S山情報によるとオーナーは日本語が上手くないらしい。テクノロジーは言語の壁を越えるのを容易にする。スマホの翻訳機能を使えばいい。しかしS山は「それでは血の通った話が出来ない」と主張して自ら通訳を買って出た。並々ならぬ決意を見せるS山に通訳を任せたものの、僕は「らんま1/2」で学んだ中国語で話に加わるつもりでいた。通じたら大歓喜!

まず僕が「お問い合わせ、ありがとうございます。改めてお問い合わせの経緯を教えていただけますか」と笑みを浮かべつつ言うと、S山が「ペラペラぺらぺらぺらぺらぺらぺらぺらぺら!ペラペラペラペラペラペラペラペラペラペラペラペラペラペラペラペラペラペラペラペラペラペラペラペラペラペラペラペラペラペラペラペラペラペラペラペラペラペラペラペラペラペラペラペラ」と中国語に訳した。何を言っているのかまったくわからない。僕はS山が訳しているのに合わせて笑みを浮かべた。まるで自分が話しているように。時おり首を縦に振るなどする。馬鹿みたいだ。オーナーは、ほーん、と笑うと「ペラペラペラペラペラペラペラペラペラペラペラペラペラペラペラペラペラペラペラペラペラペラペラペラペラペラペラペラペラペラペラペラペラペラペラペラペラペラペラペラペラペラペラペラペラペラペラペラペラペラペラペラペラペラペラペラペラペラペラペラペラペラペラペラペラペラペラペラペラペラペラペラペラペラペラペラペラペラペラペラ!」と中国語で言った。S山が真剣な顔で二言ほど確認してから「こちらこそありがとうございます。ネットで見ました、だそうです」と訳した。短すぎやしないかジャパニーズ。日本語に訳すとシンプルになるものなのか。

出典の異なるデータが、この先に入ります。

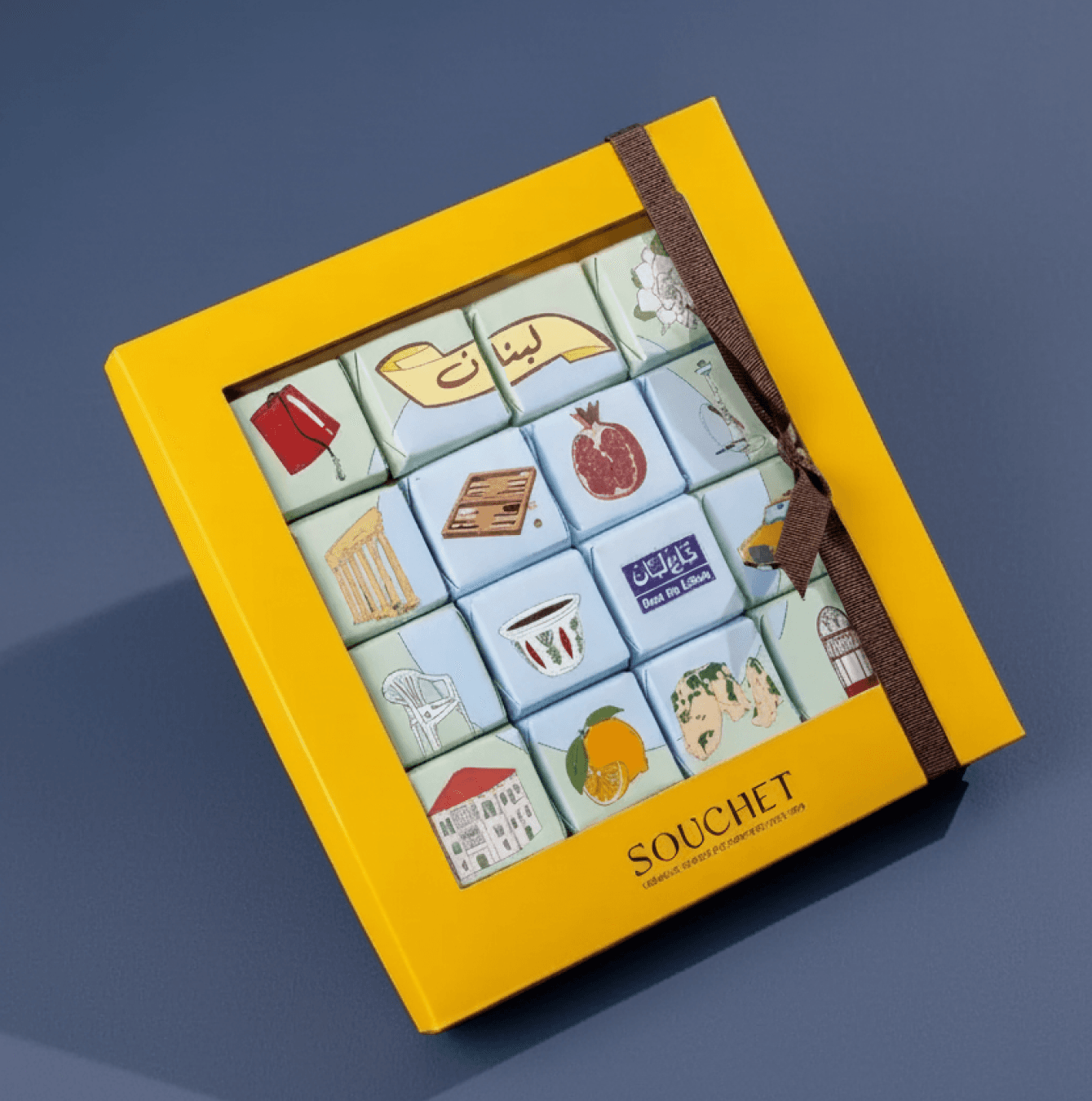 to create a distinctive gifting experience, Gioca Studio developed two custom boxes that elevate Souchet’s chocolates beyond confectionery into objects meant to be kept and shared. The windowed structure reveals a grid of individually wrapped pieces, each featuring hand-drawn illustrations inspired by everyday Lebanese life — architecture, food, objects, and cultural details — turning every chocolate into a small, collectible moment.

僕はまた笑みを浮かべて「では、あなたが今抱えている問題とご要望を教えてくれませんか」と通訳者に気をつかって短く言った。S山は、僕の意を汲み取って鋭く頷くと「ペラペラぺ」と中国語訳した。短っ。意を汲みすぎて肝心な点を削除しているのではないか。そんな僕の懸念をよそにオーナーは我愛你的な微笑をたたえると「ペラペラペラペラペラペ」と短く答え、S山が「メニューが中華料理に偏ってしまっているため、日替わりのメニューとレシピ開発をお願いしたいそうです。価格帯は800円から1000円を考えているそうです。それから調理師は中華料理専門なので日本の定番料理のコーチもしてもらえると助かります。だそうです」と訳した。今度はずいぶんと短いセンテンスに多くの意味が入っていた。

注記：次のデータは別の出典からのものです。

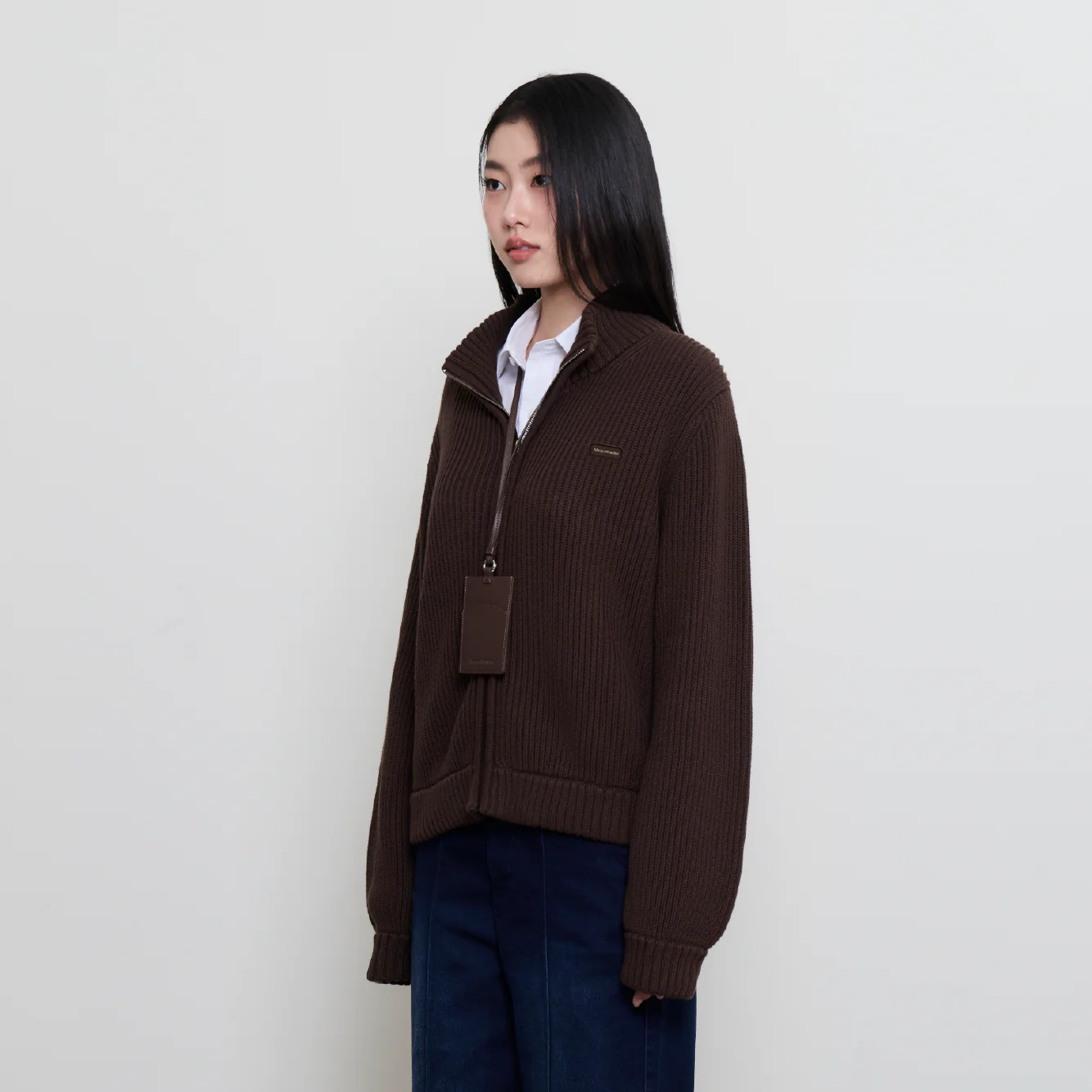 Effortlessly elevate your office look with this front-zip cardigan in Espresso Brown and Vanilla Yellow. Designed with an AW-logo zip pull, a signature name patch at the front, and subtle embroidery at the back, it’s a versatile layer that keeps you warm at work and transitions seamlessly into after-hours style.

中国語の圧倒的な実力に圧倒された僕はまたまた笑みを浮かべ「当社ならその問題の解決とご要望に応えられると思います」とS山に訳すよう促すと彼は白い顔で「ペラペラペラペラペラペラペラペラ」と訳しはじめ、そこで僕の顔面に目線を向けてオーナーの目線を僕の顔面に誘導してから、はっはっは!と笑った。オーナーも手で口もとを隠しておっほっほ!と笑った。僕も事情がわからないまま、事情がわかっていないと悟られぬよう、いい感じに進んでいるポジティブ感を前面に出して、オ〜ケ〜とアメリカン風に手を叩いて笑った。するとS山が「ペラペラペラペラペラペラペラペラペラペラペラペラペラペラペラペラペラペラ」と残りを中国語訳した。オーナーはしばらく沈思してから「ペラペラペラペラペラペラペラペラペラペラペラペラペラペラペラペラペラペラペラペラペラペラペラペラペラペラペラペラペラペラペラペラペラペラペラペラペラペラペラペラペラペラペラペラペラペラペラペラペラペラペラペラホント二ゴメンナサイネ」と答えて手を合わせて頭を下げた。神妙な表情を浮かべている。これはどういうこと……と戸惑っているとS山が「前向きに検討します。後日連絡します、だそうです」と訳した。短い。あと表情から前向き感が伝わってこない。あとホント二ゴメンナサイネはいずこ。いくつもの疑念が渦巻いていたがS山を信じるしかない。数年間中国本土で暮らしていたS山の中国語は本物だ。顔もジャッキーチェンに似ている。

僕は「良い連絡を待ってます」と言った。すかさずS山が「ペラペラペラペラペラペラペラペラペラペラペラペラペラペラペラペラペラペラペラペラペラペラペラペラペラペラペラペラペラペラペラペラペラペラペラペラペラペラペラペラペラペラペラペラペラペラペラペラシェイシェイ」と中国語に変換。長すぎやしないか。それに対してオーナーは「ペラペラペラペラペラペラペラペラペラペラペラペラペラペラペラペラペラホント二ゴメンナサイ」と言い、「良い商談が出来て良かった、と仰ってます」とS山が訳す。だからオーナーの言葉が短くなりすぎなんですけど、ホント二ゴメンナサイが行方不明で気になるのですけど、と言いたい気持ちをその場はこらえて僕たちは商談を終えたのである。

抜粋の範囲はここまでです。